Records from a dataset

========

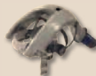
Suspension Product #: S-950 (shown)
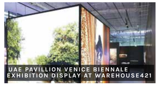
UAE PAVILLION VENICE BIENNALE EXHIBITION DISPLAY AT WAREHOUSE421

The mission of the Salama bint Hamdan Al Nahyan Foundation is to invest in the future of the United Arab Emirates by investing in its people. To that end, the Foundation develops and supports strategic initiatives in the areas of arts, culture & heritage, early childhood development, and health. Through its art, cultural and heritage initiatives, the Foundation supports emerging artists and others seeking a career in the arts sector in developing their skills and talents, builds new audiences for arts and culture, connects Emirati artists with international audiences and supports innovative efforts to preserve and share the nation's cultural heritage. In the programmes of support that The Salama bint Hamdan Al Nahyan Foundation is developing - be it their fellowship programme for emerging artists, the internship programme at the Venice Biennale, or others, The Salama bint Hamdan Al Nahyan Foundation seeks to support residents of all nationalities in the UAE and try, where appropriate to link the beneficiaries of their arts programme not only across groups within the UAE but internationally. Her Highness Sheikha Salama bint Hamdan Al Nahyan is the wife of His Highness Sheikh Mohamed bin Zayed Al Nahyan, Crown Prince of Abu Dhabi and Deputy Supreme Commander of the UAE Armed Forces. Salama bint Hamdan Al Nahyan holds the position of Founder of the philanthropic foundation that bears her name and is the Chair of Abu Dhabi Art Host Committee.
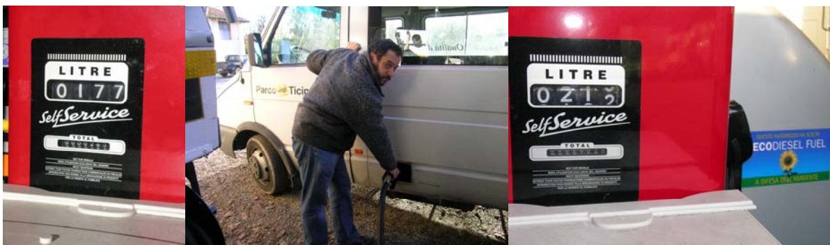
Figure 3 - Liter-counter before and after the fuelling to a van.
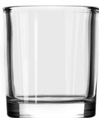
No. SGBZ8090HT 7oz/260ml/375g H90 T80 B75
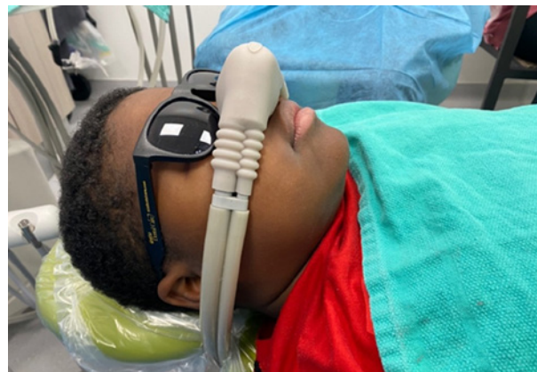
Figure 1. Nasal hood in correct position (side view)
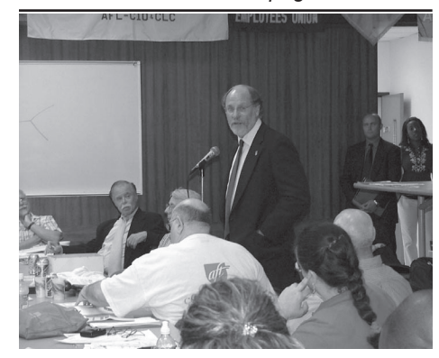
Senator Corzine addressing Council delegates

stitutions and pledged to impose a far greater degree of central oversight and accountability over the nine State colleges/universities.
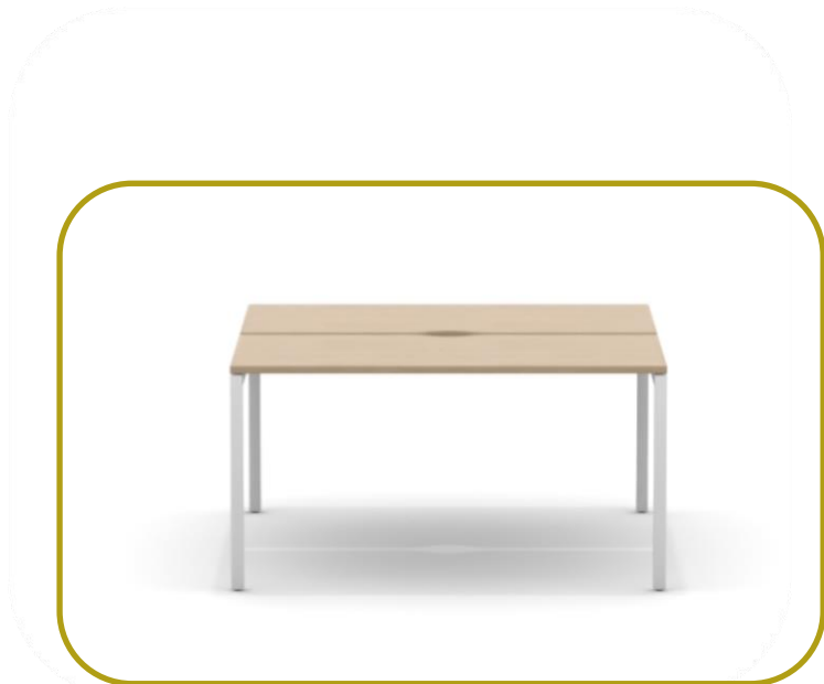
Aspen Bench- ASDCD14-2

In accordance with EN 15804+A2 and ISO 14040 / ISO 14044
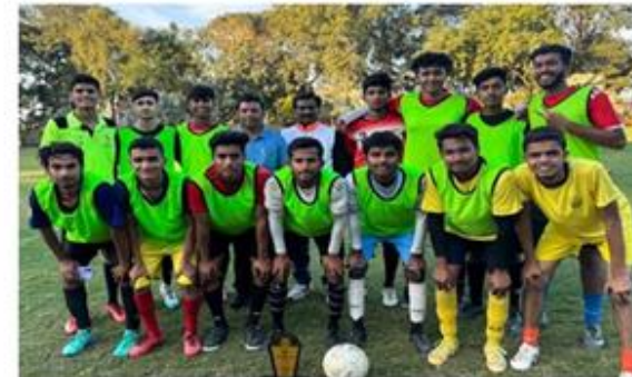
Photograph of the Football Team at the University level
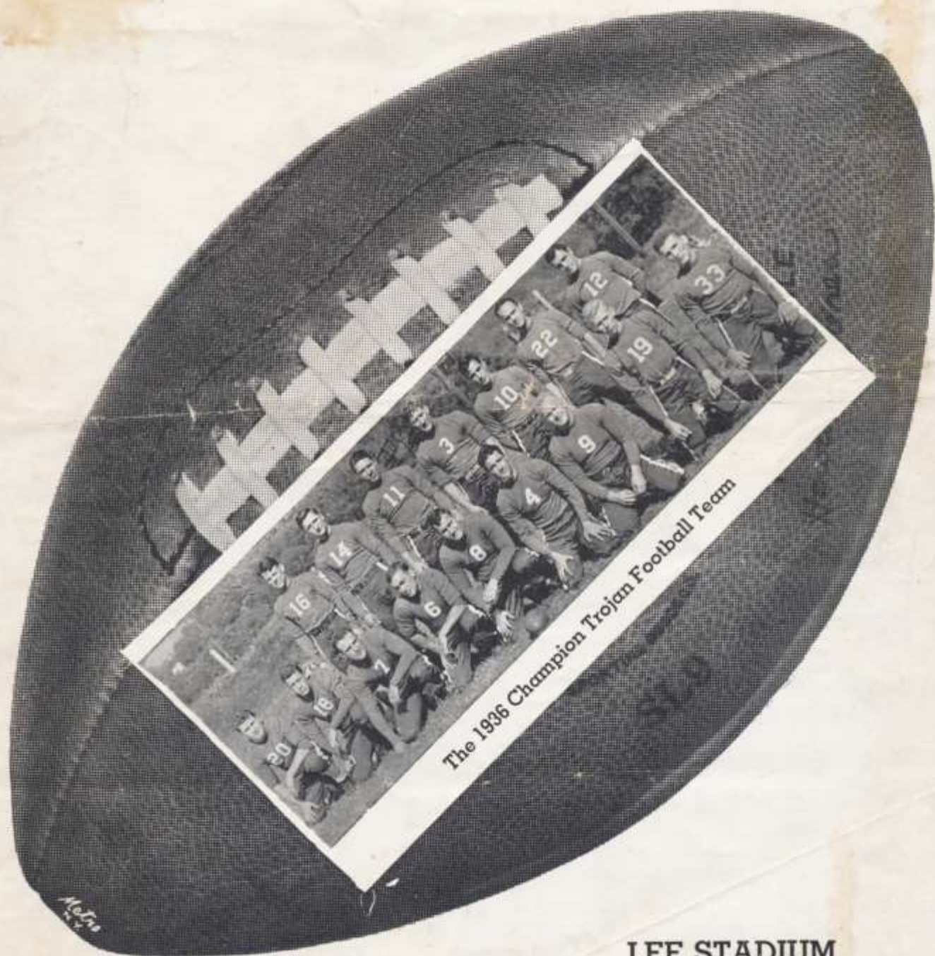
The 1936 Champion Trojan Football Team
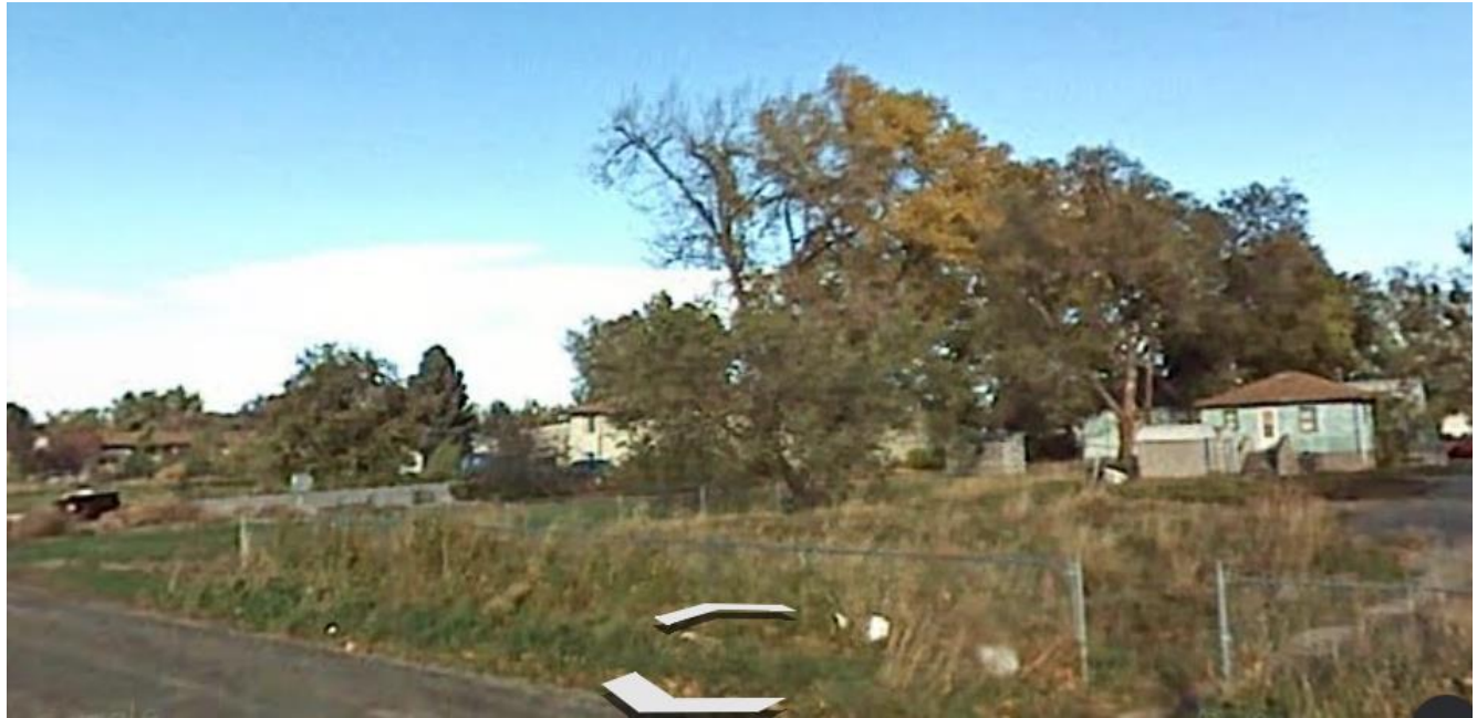
Subject of photo: Residential properties along S 12 th Street West, Billings, MT 59101 Property across the street to the east of the subject property
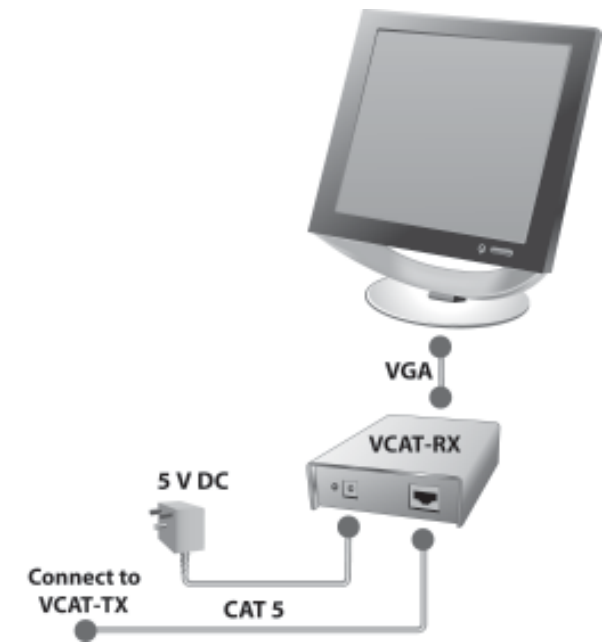
VCAT Receiver Installation Diagram

========

# [Requirement]
Whatever pictures the entries contain, omit them, and write the rest out exactly.

# [Reply]
Suspension Product #: S-950 (shown)
UAE PAVILLION VENICE BIENNALE EXHIBITION DISPLAY AT WAREHOUSE421

The mission of the Salama bint Hamdan Al Nahyan Foundation is to invest in the future of the United Arab Emirates by investing in its people. To that end, the Foundation develops and supports strategic initiatives in the areas of arts, culture & heritage, early childhood development, and health. Through its art, cultural and heritage initiatives, the Foundation supports emerging artists and others seeking a career in the arts sector in developing their skills and talents, builds new audiences for arts and culture, connects Emirati artists with international audiences and supports innovative efforts to preserve and share the nation's cultural heritage. In the programmes of support that The Salama bint Hamdan Al Nahyan Foundation is developing - be it their fellowship programme for emerging artists, the internship programme at the Venice Biennale, or others, The Salama bint Hamdan Al Nahyan Foundation seeks to support residents of all nationalities in the UAE and try, where appropriate to link the beneficiaries of their arts programme not only across groups within the UAE but internationally. Her Highness Sheikha Salama bint Hamdan Al Nahyan is the wife of His Highness Sheikh Mohamed bin Zayed Al Nahyan, Crown Prince of Abu Dhabi and Deputy Supreme Commander of the UAE Armed Forces. Salama bint Hamdan Al Nahyan holds the position of Founder of the philanthropic foundation that bears her name and is the Chair of Abu Dhabi Art Host Committee.
Figure 3 - Liter-counter before and after the fuelling to a van.
No. SGBZ8090HT 7oz/260ml/375g H90 T80 B75
Figure 1. Nasal hood in correct position (side view)
Senator Corzine addressing Council delegates

stitutions and pledged to impose a far greater degree of central oversight and accountability over the nine State colleges/universities.
Aspen Bench- ASDCD14-2

In accordance with EN 15804+A2 and ISO 14040 / ISO 14044
Photograph of the Football Team at the University level
The 1936 Champion Trojan Football Team
Subject of photo: Residential properties along S 12 th Street West, Billings, MT 59101 Property across the street to the east of the subject property
VCAT Receiver Installation Diagram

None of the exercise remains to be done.